◆ミラノ・コルティナ五輪 ▽フィギュアスケート (13日、ミラノ・アイススケートアリーナ)
男子フリーが行われ、ショートプログラム(SP)2位の鍵山優真(オリエンタルバイオ・中京大)が、合計280・06点で銀メダル。22年北京五輪に続く団体とのダブルメダルで、フィギュアの日本勢最多の通算4個目のメダル獲得となった。
やることはやったと、鍵山は瞳の奥で語っていた。フリー176・99点は、自己ベストから30点以上も低い。ただ、今季初めて実戦で高難度の4回転フリップに挑み、混戦を勝ち抜き、五輪2大会連続の銀メダルを首にかけた。「4回転フリップを含め挑戦という形で戦い抜けたことに未練はない」。4年前より背負うものは増えても、攻めた。

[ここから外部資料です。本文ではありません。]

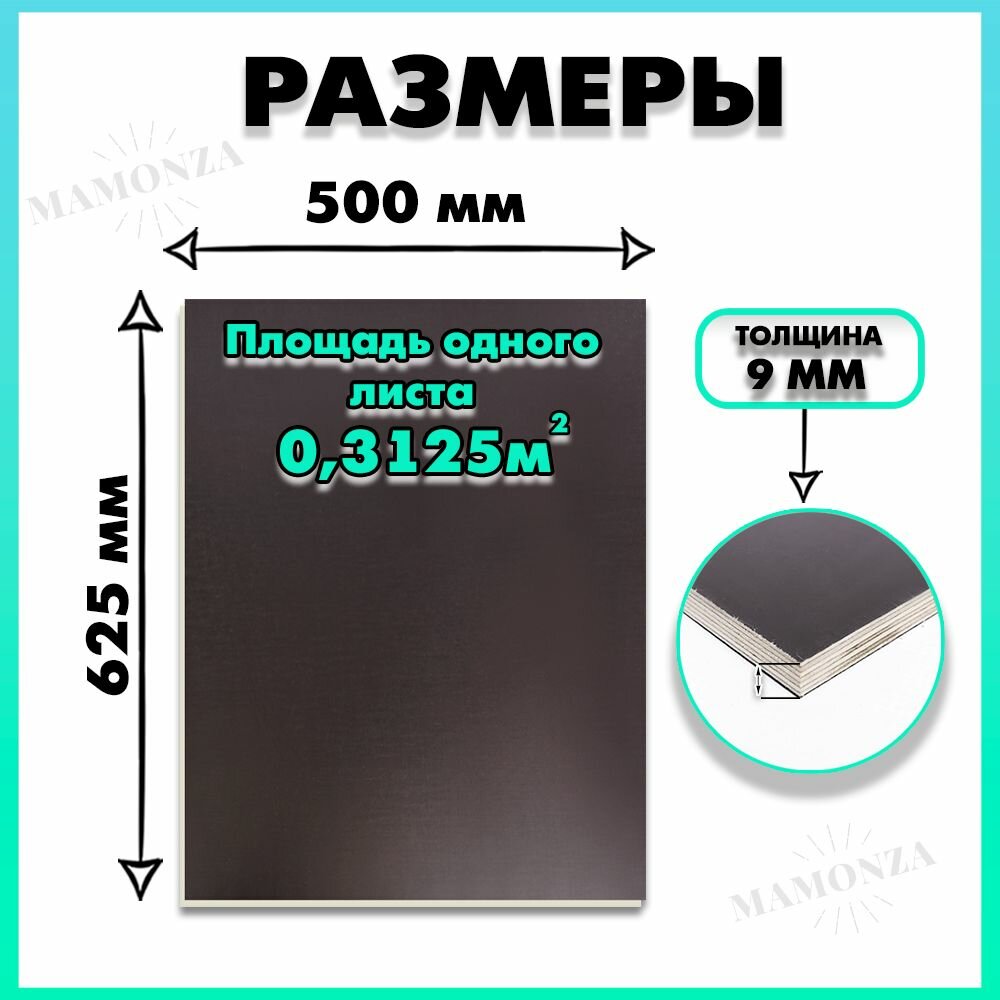 Фанера ФСФ ламинированная F/F толщина 6мм 500х500мм 5 листов 6 199 ₽
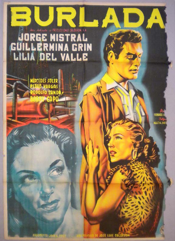 Attractive film noirish movie poster features a nice main image of the two stars together. The poster got damp along one edge at some point and this has resulted in heavy water damage along the right side -- entering into the printed portion. However, the rest of the poster is actually in great shape, and if matted and framed, it will display very well... This movie starred Jorge Mistral, Guillermina Grin, Lilia del Valle and Mercedes Soler. $20
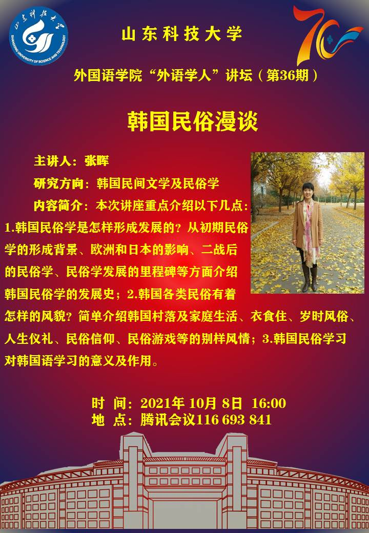 10月8日下午16:00点,bwin·必赢(中国区)官方网站-officialswebsi通过腾讯会议平台举办第三十六期“外语学人”讲坛活动。bwin·必赢(中国区)官方网站-officialswebsi朝鲜语专业张晖副教授做了题为“韩国民俗漫谈”的精彩讲座。本次讲坛由李允副院长主持,学院部分教师与学生参加了讲坛。
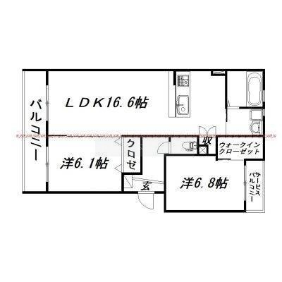 2LDK(64.52m²)└ 洋室6.1帖 洋室6.8帖 LDK16.6帖
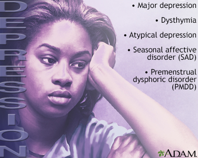 Depression is a mood disorder in which overwhelming feelings of sadness, loss of pleasure, guilt, and hopelessness interfere with daily life. People with depression also suffer from sleep problems, difficulty concentrating, fatigue and low energy, changes in appetite, and recurring thoughts of death or suicide.
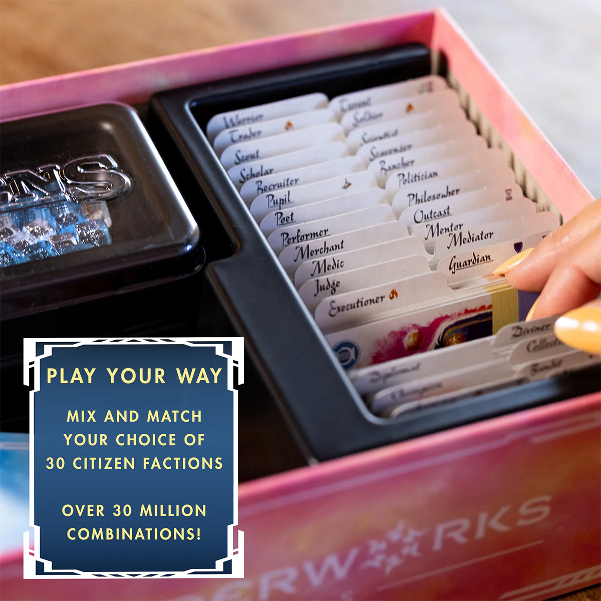 Recruit multiple citizens on your turn by selecting an available group of cards, placing them in your city tableau and grouping like citizens together to grow their action’s strength. Then, select one citizen type in your tableau to activate, taking the effect of the card and discarding it from your city. But keep watch of rival cities, because when you activate a citizen, all players who have the same type can follow your action and activate a matching citizen of their own!

SP2位から出たフリーは、イタリアオペラの傑作「トゥーランドット」。好みの青で、金の装飾がされた五輪仕様の新衣装で滑り出した。フリップを含むジャンプにミスが出たが、06年トリノ五輪の女子で優勝した荒川静香を彷彿(ほうふつ)とさせる「イナバウアー」に観衆は酔いしれた。父・正和コーチ(54)の「全部転んでもいいから、最後まで戦ってくればそれでいい」の言葉を胸に舞った4分間。
日本男子のエースとして、王者マリニンに抗(あらが)うべく高難度の4回転ジャンプ習得に傾倒した昨季。本来、スピンやスケーティングが得意な自分を徐々に見失った。昨日できたことが、急にできなくなる。「もう、跳び方が分からないんだ」と、こぼしたこともあった。シーズンイン前に、父と4回転ジャンプを2種類に絞ることを決断。代わりに「演技構成点で満点を目指そう」と、武器を最大限に磨いてきた。
団体SPでは唯一、ステップで満点を獲得。勝負の舞台で自分らしさを取り戻した。そして「守るものはない」と投入を決めた4回転フリップ。挑戦者の気持ちも忘れていなかった。
ジュニア時代から切磋琢磨(せっさたくま)してきた佐藤とのダブルメダル。